Images excepted, the data below must be repeated exactly.

[[ Task data, beginning ]]

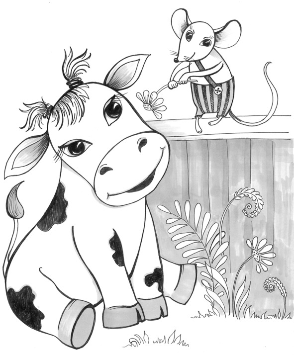 Однажды мышонок взял соломинку и пощекотал носик тёлочки. Она весело помотала головкой, засмеялась и они подружились.
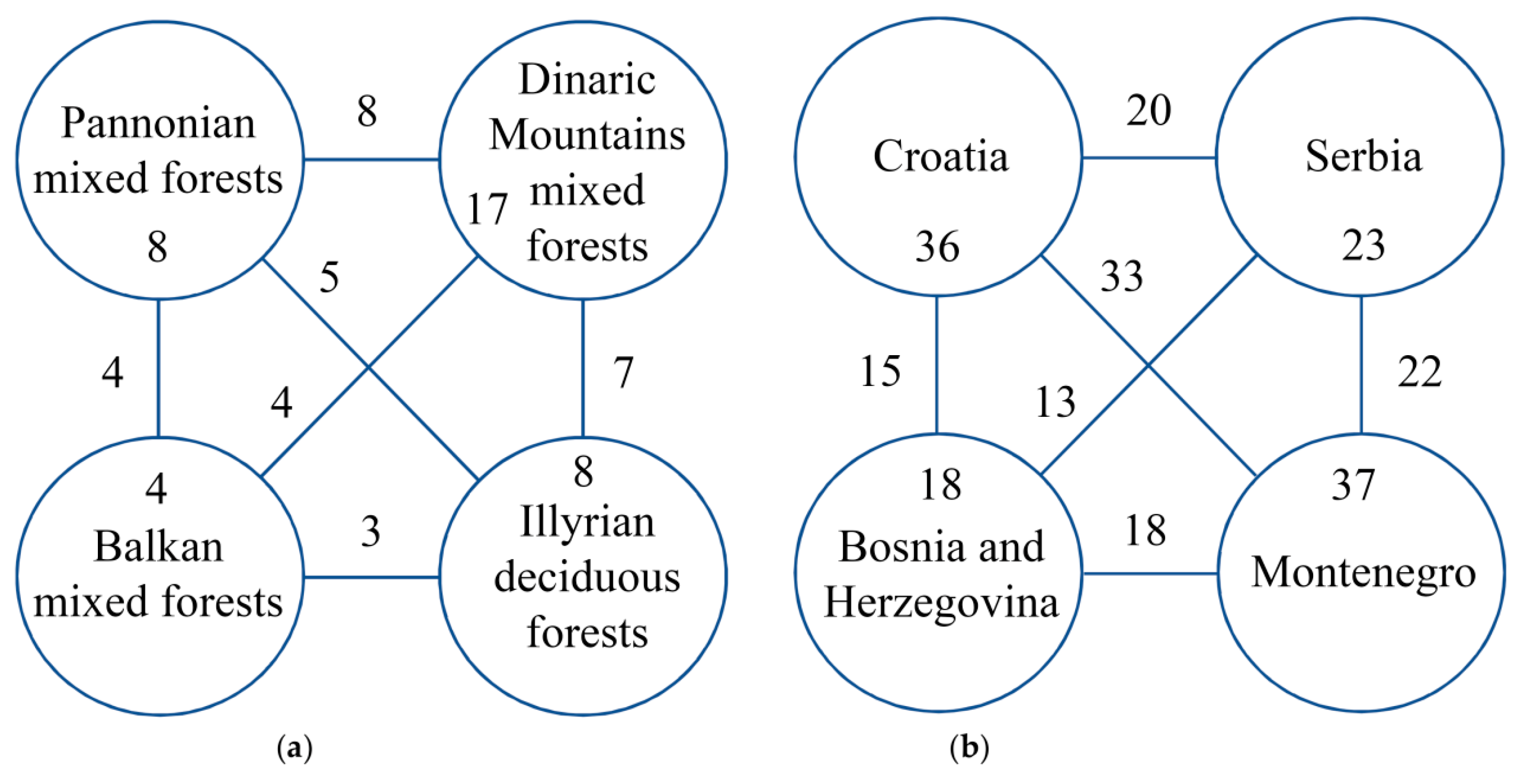 | Species and Genus Records | Pannonian Mixed Forests | Dinaric Mountains Mixed Forests | Balkan Mixed Forests | Illyrian Deciduous Forests | Total Number of Sites |
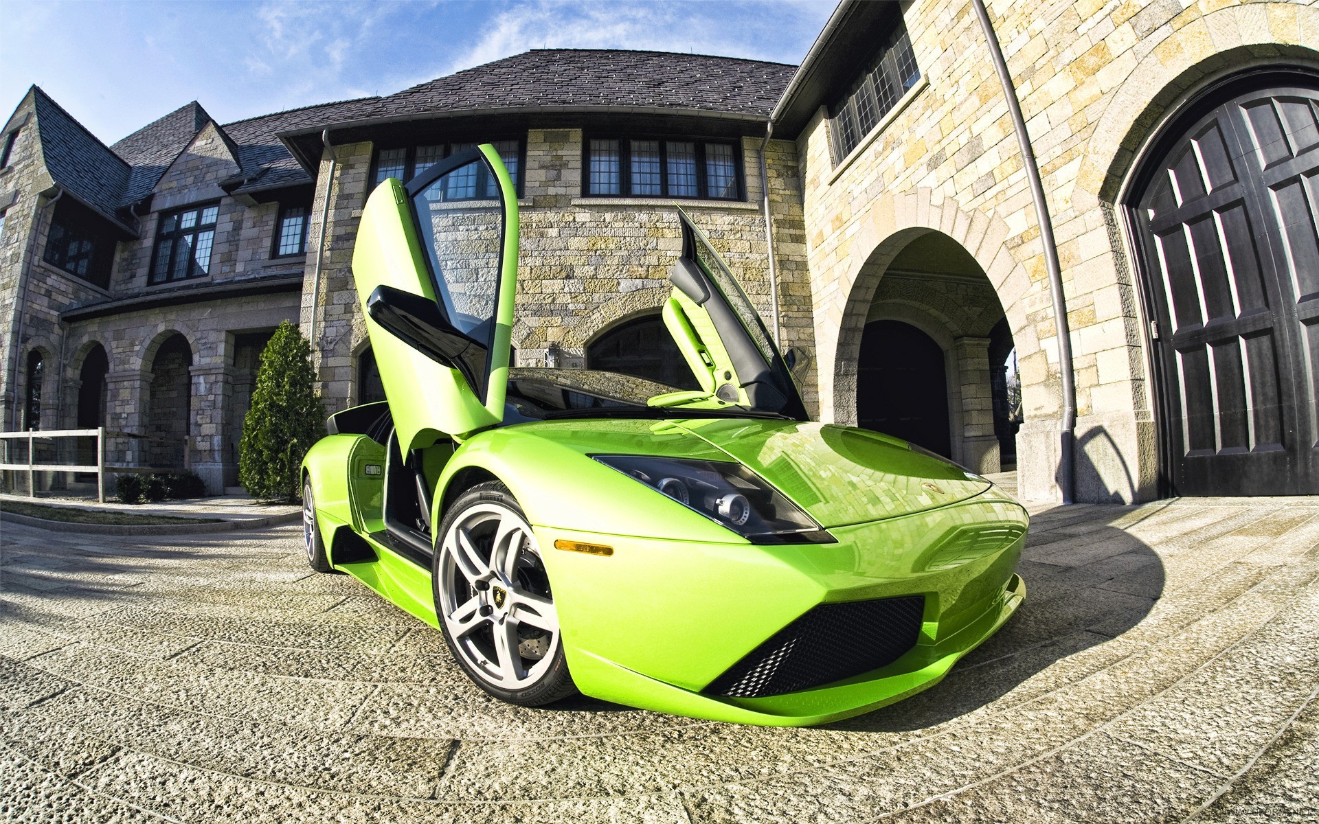 Description: A green sports car parked in front of a house with a large door open to the outside of it.
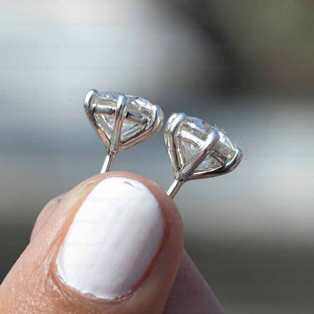 $ 34.111 ct Moissanite Princess Cut Stud Earrings in 14K White Gold with Screw Backs
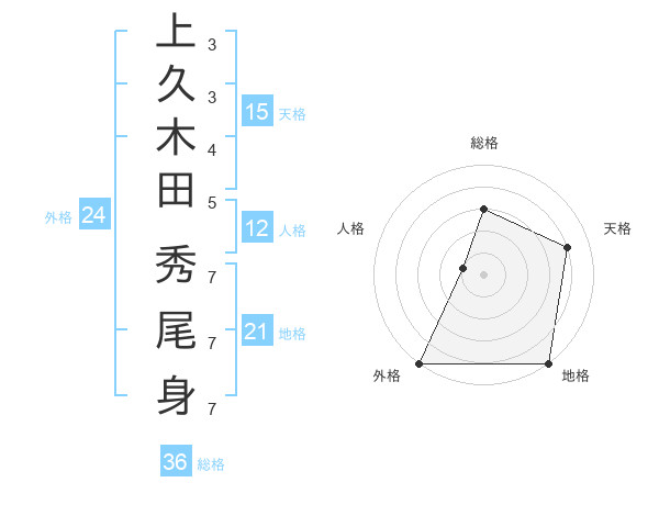 上久木田 秀尾身さんを姓名の画数から五運を鑑定

[[ Task data, end ]]

** Answer for the task **
 Однажды мышонок взял соломинку и пощекотал носик тёлочки. Она весело помотала головкой, засмеялась и они подружились.
 | Species and Genus Records | Pannonian Mixed Forests | Dinaric Mountains Mixed Forests | Balkan Mixed Forests | Illyrian Deciduous Forests | Total Number of Sites |
 Description: A green sports car parked in front of a house with a large door open to the outside of it.
 $ 34.111 ct Moissanite Princess Cut Stud Earrings in 14K White Gold with Screw Backs
 上久木田 秀尾身さんを姓名の画数から五運を鑑定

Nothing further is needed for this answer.